CMU 15-112: Fundamentals of Programming and Computer Science
Extra Practice for Week 3 (Due never)




  1. vowelCount(s)
    Write the function vowelCount(s), that takes a string s, and returns the number of vowels in s, ignoring case, so "A" and "a" are both vowels. The vowels are "a", "e", "i", "o", and "u". So, for example, ("Abc def!!! a? yzyzyz!") returns 3 (two a's and one e).

  2. interleave(s1, s2)
    Write the function interleave(s1, s2) that takes two strings, s1 and s2, and interleaves their characters starting with the first character in s1. For example, interleave('pto', 'yhn') would return the string "python". If one string is longer than the other, concatenate the rest of the remaining string onto the end of the new string. For example ('a#', 'cD!f2') would return the string "ac#D!f2". Assume that both s1 and s2 will always be strings.
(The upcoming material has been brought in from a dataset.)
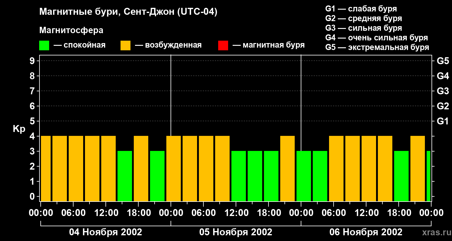 Магнитные бури в Сент-Джоне 6 ноября 2002 года

  3. hasBalancedParentheses(s)
    Write the function hasBalancedParentheses, which takes a string and returns True if that code has balanced parentheses and False otherwise (ignoring all non-parentheses in the string). We say that parentheses are balanced if each right parenthesis closes (matches) an open (unmatched) left parenthesis, and no left parentheses are left unclosed (unmatched) at the end of the text. So, for example, "( ( ( ) ( ) ) ( ) )" is balanced, but "( ) )" is not balanced, and "( ) ) (" is also not balanced. Hint: keep track of how many right parentheses remain unmatched as you iterate over the string.

  4. longestSubpalindrome(s)
    Write the function longestSubpalindrome(s), that takes a string s and returns the longest palindrome that occurs as consecutive characters (not just letters, but any characters) in s. So:
       longestSubpalindrome("ab-4-be!!!") 
    
    returns "b-4-b". If there is a tie, return the lexicographically larger value -- in Python, a string s1 is lexicographically greater than a string s2 if (s1 > s2). So:
       longestSubpalindrome("abcbce") 
    
    returns "cbc", since ("cbc" > "bcb"). Note that unlike the previous functions, this function is case-sensitive (so "A" is not treated the same as "a" here). Also, from the explanation above, we see that longestSubpalindrome("aba") is "aba", and longestSubpalindrome("a") is "a".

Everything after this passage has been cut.